#### Work item:
Exact copy, pictures excluded: write out every line below.

#### Source data:
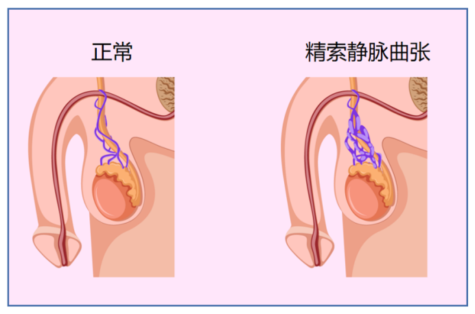 2、病因是什么?精索静脉曲张发生与下列因素有关:①静脉瓣有防止静脉血返流的作用,当精索静脉瓣缺如或功能不良时可导致血液返流。②精索静脉壁及其周围结缔组织薄弱或提睾肌发育不全。③人的直立姿势影响精索静脉回流。左侧精索静脉曲张较右侧常见,可能原因为:①左侧精索内静脉行程长,呈直角汇入左肾静脉,静脉压力较大;②左肾静脉在肠系膜上动脉与腹主动脉之间受压,影响左侧精索内静脉回流甚至导致返流(称为“胡桃夹”现象);③精索内静脉瓣缺如更常见于左侧
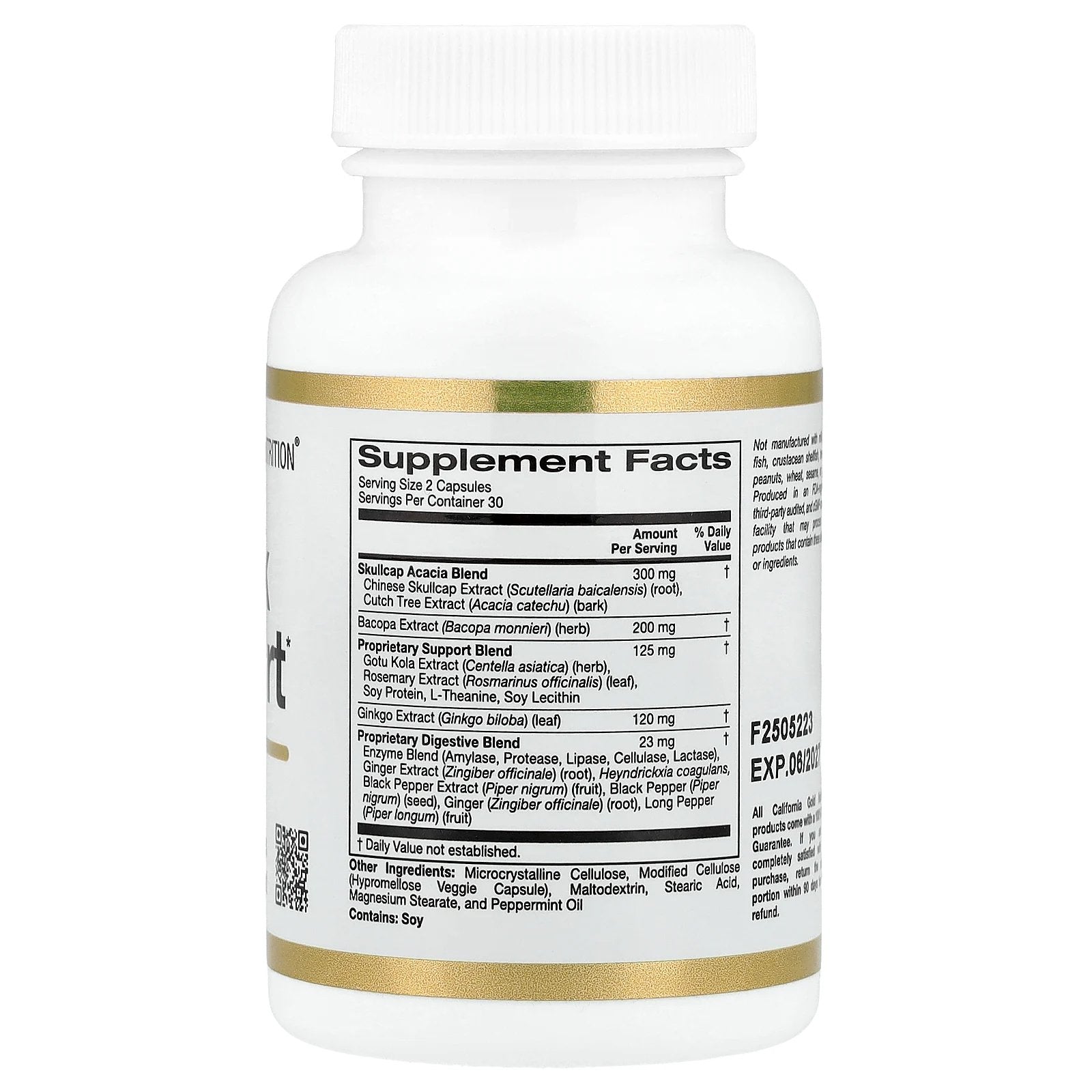 California Gold Nutrition® Think Support* is formulated with a clinically studied bacopa extract to support memory.* This formula features Bacopa and Ginkgo Biloba extracts, combined with a blend of Skullcap and Acacia. The Proprietary Digestive Blend supports digestion.* With the addition of Gotu Kola Extract, Rosemary Extract, Soy Lecithin, Soy Protein, and L-Theanine, this product is formulated to help promote overall memory and cognitive health.*
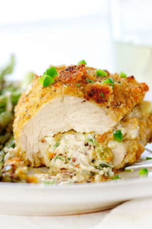 Jalapeno Popper Stuffed Chicken takes your favorite appetizer and turns it into a full-blown delicious meal. Fresh jalapenos, thick cut bacon, freshly grated parmesan, and cream cheese cooked to perfection inside of a seasoned and breaded chicken breast. If you like this, make sure to...
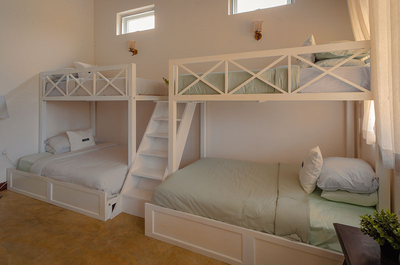 This room features two sets of bunk beds with double beds on the bottom and single beds on top. The room also has a flatscreen TV and a collection of board games. All in all, the setup is ideal for hosting a slumber party.
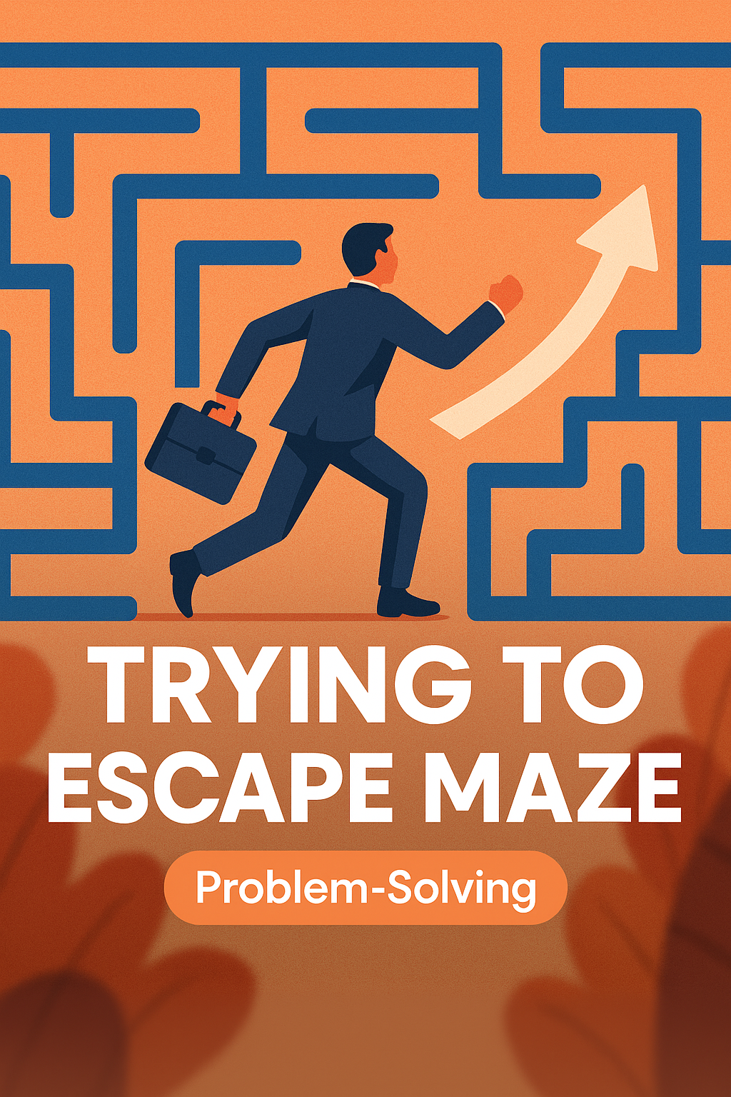 /Collection: /by davooda/Type: PNG/A vibrant illustration depicting a businessman running towards an exit in a maze, symbolizing problem-solving and navigation. Ideal for motivational content or business presentations.

#### Reply to the exercise:
 2、病因是什么?精索静脉曲张发生与下列因素有关:①静脉瓣有防止静脉血返流的作用,当精索静脉瓣缺如或功能不良时可导致血液返流。②精索静脉壁及其周围结缔组织薄弱或提睾肌发育不全。③人的直立姿势影响精索静脉回流。左侧精索静脉曲张较右侧常见,可能原因为:①左侧精索内静脉行程长,呈直角汇入左肾静脉,静脉压力较大;②左肾静脉在肠系膜上动脉与腹主动脉之间受压,影响左侧精索内静脉回流甚至导致返流(称为“胡桃夹”现象);③精索内静脉瓣缺如更常见于左侧
 California Gold Nutrition® Think Support* is formulated with a clinically studied bacopa extract to support memory.* This formula features Bacopa and Ginkgo Biloba extracts, combined with a blend of Skullcap and Acacia. The Proprietary Digestive Blend supports digestion.* With the addition of Gotu Kola Extract, Rosemary Extract, Soy Lecithin, Soy Protein, and L-Theanine, this product is formulated to help promote overall memory and cognitive health.*
 Jalapeno Popper Stuffed Chicken takes your favorite appetizer and turns it into a full-blown delicious meal. Fresh jalapenos, thick cut bacon, freshly grated parmesan, and cream cheese cooked to perfection inside of a seasoned and breaded chicken breast. If you like this, make sure to...
 This room features two sets of bunk beds with double beds on the bottom and single beds on top. The room also has a flatscreen TV and a collection of board games. All in all, the setup is ideal for hosting a slumber party.
 /Collection: /by davooda/Type: PNG/A vibrant illustration depicting a businessman running towards an exit in a maze, symbolizing problem-solving and navigation. Ideal for motivational content or business presentations.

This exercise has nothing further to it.